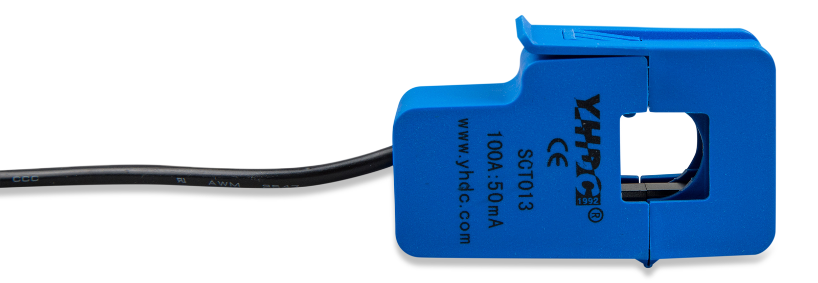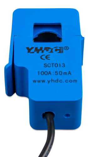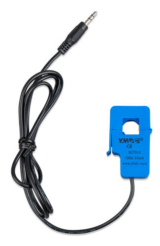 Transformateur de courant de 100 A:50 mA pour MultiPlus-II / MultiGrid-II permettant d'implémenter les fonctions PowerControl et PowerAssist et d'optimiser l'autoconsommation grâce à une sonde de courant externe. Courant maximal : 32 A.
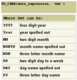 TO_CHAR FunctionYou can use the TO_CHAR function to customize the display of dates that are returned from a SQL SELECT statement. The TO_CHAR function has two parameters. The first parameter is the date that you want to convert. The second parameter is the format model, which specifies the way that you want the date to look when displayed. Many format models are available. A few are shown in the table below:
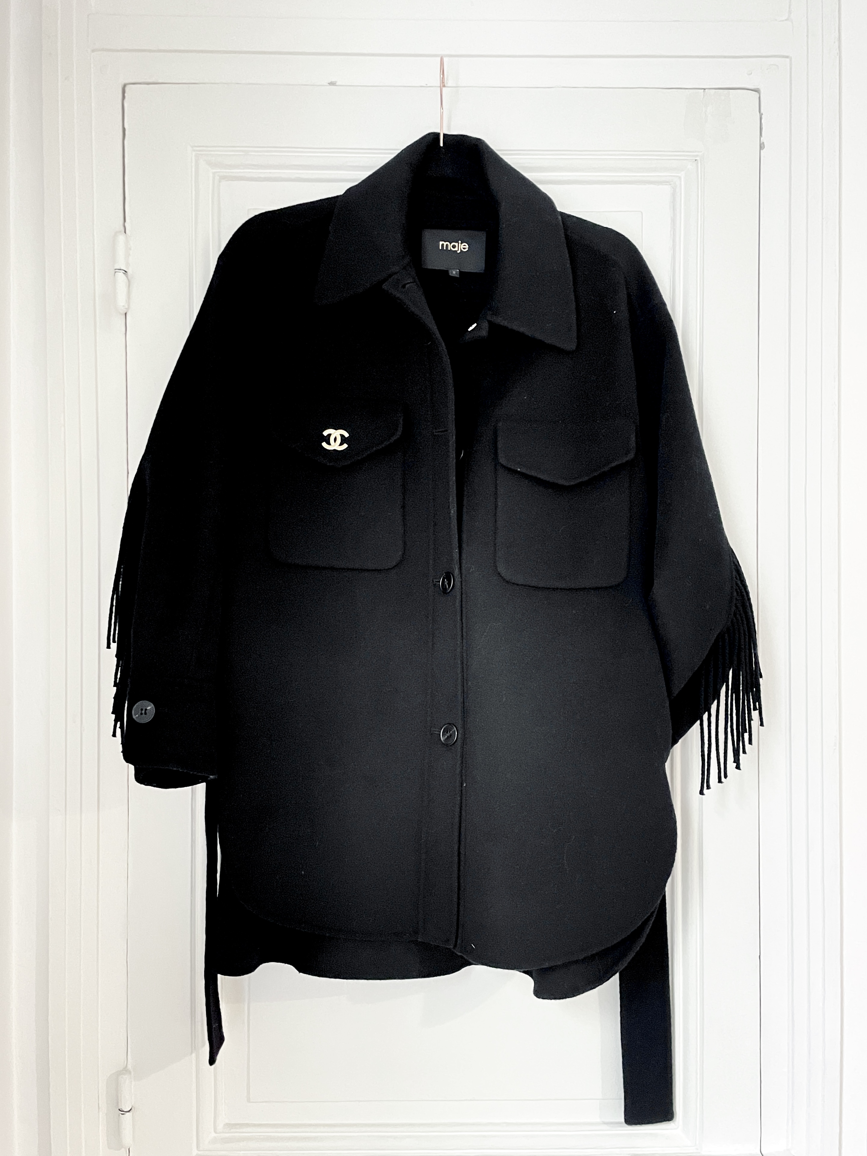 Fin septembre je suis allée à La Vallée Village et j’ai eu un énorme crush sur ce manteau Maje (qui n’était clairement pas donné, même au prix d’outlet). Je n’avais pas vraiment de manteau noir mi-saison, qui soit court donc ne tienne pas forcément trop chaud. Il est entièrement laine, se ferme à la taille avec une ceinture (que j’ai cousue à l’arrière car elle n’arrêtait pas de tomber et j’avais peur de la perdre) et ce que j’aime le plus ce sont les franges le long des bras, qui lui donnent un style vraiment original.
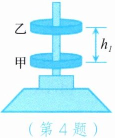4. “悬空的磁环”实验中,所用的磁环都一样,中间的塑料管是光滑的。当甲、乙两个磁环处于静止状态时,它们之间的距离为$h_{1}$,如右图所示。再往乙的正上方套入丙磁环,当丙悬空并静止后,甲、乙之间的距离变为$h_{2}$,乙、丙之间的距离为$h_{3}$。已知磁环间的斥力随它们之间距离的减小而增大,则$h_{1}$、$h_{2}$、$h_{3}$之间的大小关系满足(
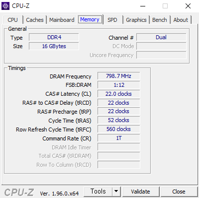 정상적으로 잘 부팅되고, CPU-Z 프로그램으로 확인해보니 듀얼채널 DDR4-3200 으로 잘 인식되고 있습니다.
........
Work item: The pictures in the listing above are to be dropped, and everything else reproduced exactly.

Your response:
 Transformateur de courant de 100 A:50 mA pour MultiPlus-II / MultiGrid-II permettant d'implémenter les fonctions PowerControl et PowerAssist et d'optimiser l'autoconsommation grâce à une sonde de courant externe. Courant maximal : 32 A.
 TO_CHAR FunctionYou can use the TO_CHAR function to customize the display of dates that are returned from a SQL SELECT statement. The TO_CHAR function has two parameters. The first parameter is the date that you want to convert. The second parameter is the format model, which specifies the way that you want the date to look when displayed. Many format models are available. A few are shown in the table below:
 Fin septembre je suis allée à La Vallée Village et j’ai eu un énorme crush sur ce manteau Maje (qui n’était clairement pas donné, même au prix d’outlet). Je n’avais pas vraiment de manteau noir mi-saison, qui soit court donc ne tienne pas forcément trop chaud. Il est entièrement laine, se ferme à la taille avec une ceinture (que j’ai cousue à l’arrière car elle n’arrêtait pas de tomber et j’avais peur de la perdre) et ce que j’aime le plus ce sont les franges le long des bras, qui lui donnent un style vraiment original.
4. “悬空的磁环”实验中,所用的磁环都一样,中间的塑料管是光滑的。当甲、乙两个磁环处于静止状态时,它们之间的距离为$h_{1}$,如右图所示。再往乙的正上方套入丙磁环,当丙悬空并静止后,甲、乙之间的距离变为$h_{2}$,乙、丙之间的距离为$h_{3}$。已知磁环间的斥力随它们之间距离的减小而增大,则$h_{1}$、$h_{2}$、$h_{3}$之间的大小关系满足(
 정상적으로 잘 부팅되고, CPU-Z 프로그램으로 확인해보니 듀얼채널 DDR4-3200 으로 잘 인식되고 있습니다.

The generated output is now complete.